Algebraic renormalization of supersymmetric gauge theories with dimensionful parameters

TL;DR

This paper demonstrates that supersymmetric gauge theories with dimensionful parameters do not have perturbative soft anomalies, using algebraic renormalization and spurion analysis to extend previous anomaly results.

Contribution

It provides a rigorous proof that soft anomalies are absent in such theories, filling gaps in earlier incomplete arguments.

Findings

No perturbative soft anomalies found in supersymmetric gauge theories with dimensionful parameters.

The combination of algebraic renormalization and spurion analysis effectively rules out quantum violations of supersymmetry.
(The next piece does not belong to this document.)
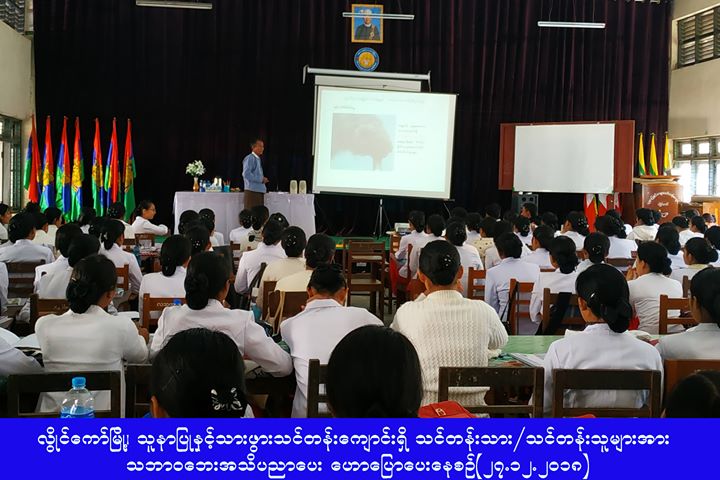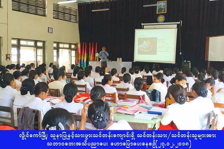 လူမှုဝန်ထမ်း၊ ကယ်ဆယ်ရေးနှင့် ပြန်လည်နေရာချထားရေးဝန်ကြီးဌာန၊ ဘေးအန္တရာယ်ဆိုင်ရာစီမံခန့်ခွဲမှုဦးစီးဌာန၊ ကယားပြည်နယ်ဦးစီးမှူးရုံးမှ တာဝန်ရှိသူများသည် (၂၇-၁၂-၂၀၁၈) ရက်နေ့၊ (၁၂း၀၀) နာရီအချိန်မှ (၁၃း၀၀) နာရီအထိ လွိုင်ကော်မြို့နယ်၊ သူနာပြုနှင့်သားဖွားသင်တန်းကျောင်းရှိ သင်တန်းသား၊ သင်တန်းသူ (၁၅၀) ဦးအား သဘာဝဘေးအသိပညာပေးဟောပြောပေးခဲ့ပြီး တက်ရောက်သူများအား လက်ကမ်းစာစောင်များဝေငှခဲ့ကြောင်း သိရှိရပါသည်။

The method works in the on-shell formalism with dynamical spurions, which can be decoupled.

Abstract

It is usually believed that there are no perturbative anomalies in supersymmetric gauge theories beyond the well-known chiral anomaly. In this paper we revisit this issue, because previously given arguments are incomplete. Specifically, we rule out the existence of soft anomalies, i.e., quantum violations of supersymmetric Ward identities proportional to a mass parameter in a classically supersymmetric theory. We do this by combining a previously proven theorem on the absence of hard anomalies with a spurion analysis, using the methods of Algebraic Renormalization. We work in the on-shell component formalism throughout. In order to deal with the nonlinearity of on-shell supersymmetry transformations, we take the spurions to be dynamical, and show how they nevertheless can be decoupled.